Owning your inference infrastructure makes compliance with these requirements more straightforward: you control the models, you control the data pipeline, you can document exactly how decisions are made, and you can implement the required human oversight mechanisms (like confirmation gates on financial operations).
Questions to Ask Your AI Vendor
Whether you’re evaluating a new tool or auditing your current one, here are five questions that reveal the architecture:
1. “Where is my data processed when the AI runs?” If the answer involves a third-party API (OpenAI, Google Cloud AI, Azure OpenAI, AWS Bedrock), your data leaves the product’s infrastructure. This isn’t inherently bad, but you should know.

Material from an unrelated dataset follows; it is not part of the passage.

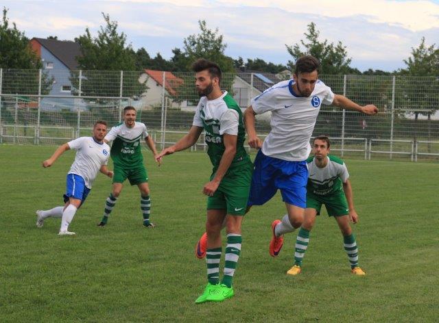 Bereits der erste Angriff führte zum 1:0: Nach einer Flanke von rechts konnte der freistehende Sascha Mayer unbedrängt einköpfen. Trotz des frühen Rückstands versuchte die SG zumindest in der Anfangsphase mitzuhalten. Nach Vorarbeit von Alexander Schmidt und Sebastian Würz verpaßte Sebastian Weber nur knapp. Nach einer Viertelstunde wurde Weber im gegenerischen Strafraum von den Beinen geholt. Marco Schäfer verwandelte den fälligen Strafstoß sicher zum 1:1. Aber schon im Ggeenzug gelang Kevin Clussmann die erneute Führung. SG - Torwart Maximilian Weber machte zwar das kurze Eck zu, Clussmann schoß in's lange. Noch vor der Pause erhöhten die Gastgeber durch Manuel Juchacz und Christian Werner auf 4:1. Die Stupfericher hatten ebenfalls einen weiteren Treffer zu verzeichnen, aber Webers Tor wurde wegen einer Abseitsstellung nicht anerkannt.
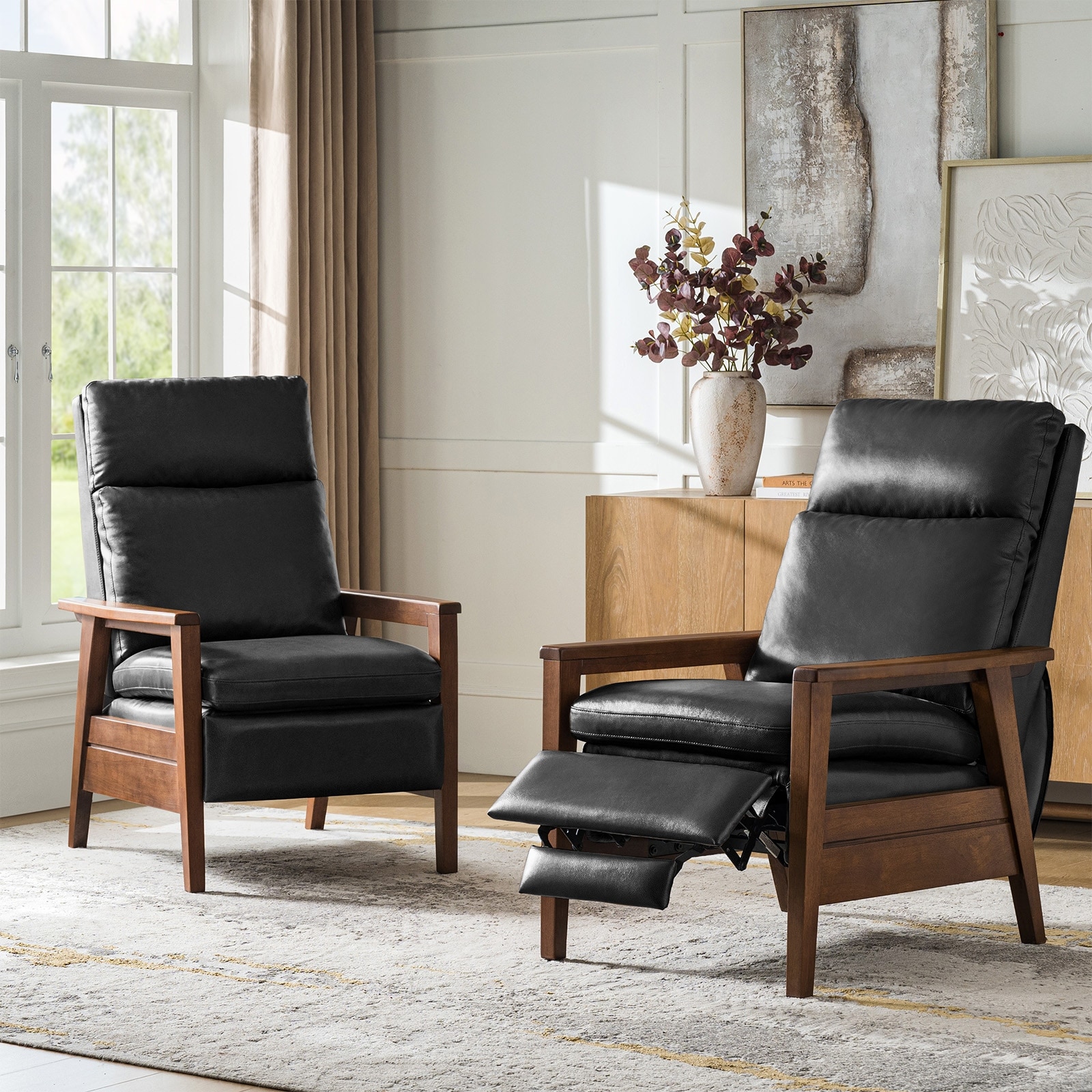 Gladys Mid-Century Modern Genuine Leather Solid Wood Recliner Set of 2 By HULALA HOME

2. “What happens if the AI provider has an outage?” If the answer is “AI features stop working,” the product is an API wrapper. If the answer is “core operations continue on our infrastructure, and complex reasoning degrades gracefully,” the product owns its inference pipeline.
3. “Is there a per-use limit on AI features?” If the answer involves “AI credits” or usage tiers, the product’s costs scale with API usage, and they’re passing that cost to you. Products with own infrastructure have fixed costs and don’t need usage limits.
4. “Can you tell me the physical location of the servers processing my data?” This should have a specific answer: a city, a datacenter provider, a region. “Our cloud provider’s European region” is less specific than “Hetzner datacenter in Falkenstein, Germany.”
5. “How do you handle model updates?” API-dependent products are at the mercy of provider model changes. If OpenAI deprecates a model version, the product must adapt. Products with own infrastructure control when and how models are updated, and can maintain older versions if stability is critical.
The Hybrid Approach
In practice, the best architecture in 2026 is hybrid. Not everything needs to run locally. Complex reasoning tasks — multi-step planning, nuanced conversational AI, novel problem-solving — still benefit from frontier models accessed via API. These interactions tend to involve less sensitive data (the user’s question, not the raw financial data) and can be designed to minimize data exposure.
High-volume, data-sensitive tasks — invoice OCR, bank transaction classification, document extraction, routine compliance checks — are better candidates for local inference. These tasks process the most sensitive data, happen the most frequently, and benefit the most from custom fine-tuning.
The intelligent routing between these two layers — sending each task to the right model on the right infrastructure — is what separates a thoughtful architecture from a brute-force one.
What We’re Building
At Odiverse, we’re an NVIDIA Inception member building this hybrid architecture for business AI. Our agent, Odi, currently uses Anthropic’s Claude for conversational AI and complex reasoning, while preparing our own GPU infrastructure (NVIDIA B200s via vLLM) for high-volume inference tasks.
Our servers are in Europe. Our data processing happens within the EU. Every write operation requires human confirmation. Every action has an immutable audit trail. And we’re building toward a future where the most data-sensitive operations — invoice OCR, bank reconciliation matching, payroll calculations — run entirely on our own GPUs, with zero external data transit.
This isn’t the cheapest architecture to build. But it’s the right one for a product that handles your business’s financial data. And as data sovereignty regulations tighten across Europe — and increasingly across the Americas and Asia — it’s the architecture that will age the best.
The question for any business evaluating AI tools in 2026 isn’t “does it have AI?” It’s “where does the AI run, who controls it, and where does my data go?”
If your vendor can’t answer those questions clearly, you might want to find one that can.